Starting at the line that contains "New Arrival Middle" in the listing below, write out every line word for word until you have written the line that contains "In the following".

_Supplied material_
+ + + + + + +

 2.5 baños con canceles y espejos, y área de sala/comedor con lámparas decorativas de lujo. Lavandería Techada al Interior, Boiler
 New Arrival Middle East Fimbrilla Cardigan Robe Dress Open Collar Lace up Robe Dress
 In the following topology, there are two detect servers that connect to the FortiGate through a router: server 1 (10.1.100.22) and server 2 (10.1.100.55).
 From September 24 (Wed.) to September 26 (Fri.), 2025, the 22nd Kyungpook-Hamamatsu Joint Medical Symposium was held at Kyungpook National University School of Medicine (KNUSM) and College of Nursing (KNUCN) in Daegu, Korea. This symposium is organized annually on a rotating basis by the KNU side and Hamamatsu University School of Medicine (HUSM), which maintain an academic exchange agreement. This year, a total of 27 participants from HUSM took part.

+ + + + + + +

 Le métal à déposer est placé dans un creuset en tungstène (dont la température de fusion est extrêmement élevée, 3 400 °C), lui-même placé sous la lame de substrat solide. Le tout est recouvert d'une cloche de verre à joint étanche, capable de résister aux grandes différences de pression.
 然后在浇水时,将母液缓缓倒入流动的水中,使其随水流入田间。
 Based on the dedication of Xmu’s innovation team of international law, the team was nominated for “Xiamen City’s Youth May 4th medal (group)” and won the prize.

+ + + + + + +

_Response for this exercise_
 New Arrival Middle East Fimbrilla Cardigan Robe Dress Open Collar Lace up Robe Dress
 In the following topology, there are two detect servers that connect to the FortiGate through a router: server 1 (10.1.100.22) and server 2 (10.1.100.55).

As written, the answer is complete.